Зубр - Гранин Даниил Александрович. Страница 28
Нильсушка — это не фамильярность, а приступ нежности, и Дарвин у него Карлуша, таков стиль той копенгагенской жизни с ее системой взаимоотношений. Многое в ней уже неуловимо.
Будучи в Копенгагене, я отправился в Институт Бора. Просто взглянуть на это место. В Копенгагене для меня существовали прежде всего два человека: сказочник Ганс Христиан Андертсен и физик Нильс Бор. Все, связанное с Андерсеном, показывали наперебой, а где был Институт Бора, знали немногие. Он стоял в глубине улицы, темно-серый трехэтажный дом, крытый черепицей,такой, как на всех старых фотографиях. Мало что изменилось здесь с довоенных лет. Я узнал его сразу, хотя никогда здесь не был. Дом не имел архитектурных примет, скромная невидная постройка, никакого сравнения с размахом застекленных объемов со временных физических центров. Я вошел в подъезд, спросил, можно ли посмотреть кабинет Нильса Бора, что для этого нужно. Привратник пожал плечами — ничего не нужно, разве что подняться по лестнице. Лестница была как лестница Я походил по коридорам мимо комнат, где работали нынешние физики, листали журналы, стучали на машинках. Никто меня не останавливал, не проверял документов. Наконец я набрел на кабинет Бора. В нем тоже не было ничего мемориально-торжественного. Ни экспонатов, ни надписей. Обыкновенный кабинет. Стоял письменный стол и стулья. Разве что на стенах висело множество групповых фотографий: боровская школа, коллоквиумы разных лет. Бор в центре, вокруг его ученики и коллеги. Сперва молодые, неузнаваемые. Потом, от снимка к снимку, черты этих людей становились знакомее и наконец превратились в портреты из моих институтских учебников. Канонические портреты всем известных классиков. Великие творцы современной физики. Маги всесильной науки. Авторы уравнений и формул. Атомной бомбы. Атомной энергии. Теории частиц меченых атомов. Изотопов, ускорителей…

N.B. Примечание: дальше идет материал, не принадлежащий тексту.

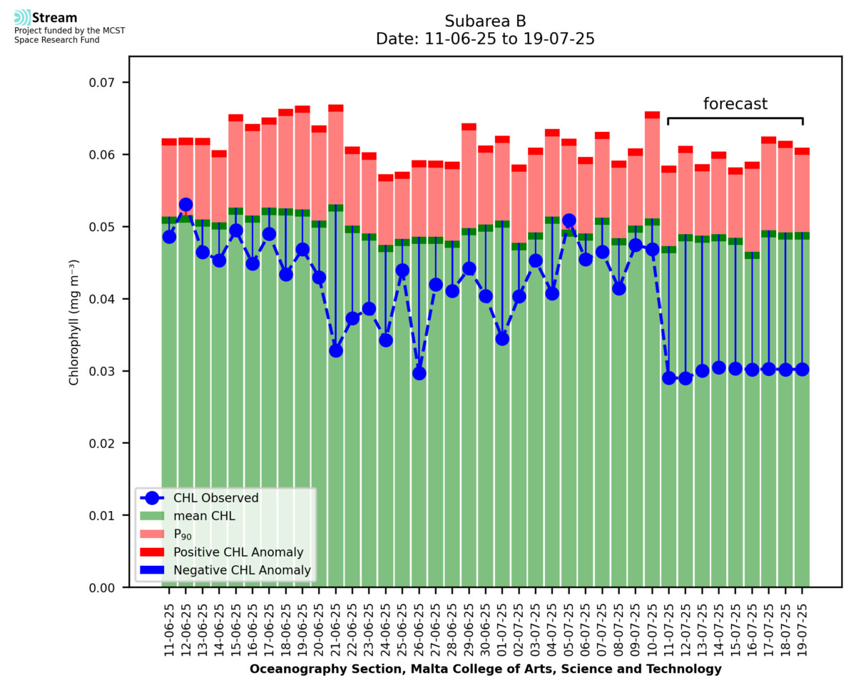 This STREAM service provides daily analysis of mass concentration of chlorophyll-a (CHL) anomalies, including spatial index maps for high chlorophyll occurrence and intensity in the sea around the Maltese Islands. User specific requests for data access and visualisation are planned for delivery on the STREAM mobile app. CHL is a core parameter in the Marine Strategy Framework Directive which provides the common framework for the assessment of the state of health of coastal seas to ensure coherence with the set goals of productive, healthy and clean European seas. CHL is considered to be a proxy of phythoplankton biomass and hence for eutrophication. Measuring chlorophyll is an indication of how much primary production is occurring in the sea.

То был круг людей, которые когда-то привлекали меня. Они должны были изменить мир к лучшему… Теперь я смотрел на них без восхищения. С некоторой жалостью и разочарованием. Памятники несостоявшихся надежд? Соавторы способа ликвидации человечества? Жертвы или герои? Я сидел один в этом кабинете, пытаясь разобраться в своем чувстве. Достойны они любви или проклятья? А сам по себе это был милый мемориальчик, галерея исторических персонажей, может быть, лучшая страница истории физики, еще невинная, полная пылких утопий, силы, веселых розыгрышей.
Зубр знал их всех, дружил со многими, прогуливался, выпивал, трепался. Он-то не был застеклен от меня. Он здесь бывал, здесь рокотал его голосище, гремел его смех. Он связывал нас с этим знаменитым местом, вознесенным на пьедестал истории.
Со смаком и хрустом поедали они яблоко познания. Но недолго. Им не удалось насладиться его чистым вкусом. Война вытащила их на передний край, связала с проклятой бомбой, развела по разным сторонам фронта. Одни уехали в Америку, другие — в Германию.
Политика грубо вмешалась в судьбу почти каждого, ткнула в сделки, и Зубр не избежал общей участи. Я увидел его долю не исключительной, в ней было нечто общее, сходное с другими, с теми, кто стоял рядом с ним на этих старых снимках.
— …Собирались крупные теоретики со всего мира на боровский кружок потрепаться. Приезжали только те, кого приглашал Бор. Я тоже такой порядок перенял. От пятнадцати до двадцати пяти человек у нас собирались. Больше-то интересных не собрать. А у Бора я с тридцать третьего года бывал постоянно…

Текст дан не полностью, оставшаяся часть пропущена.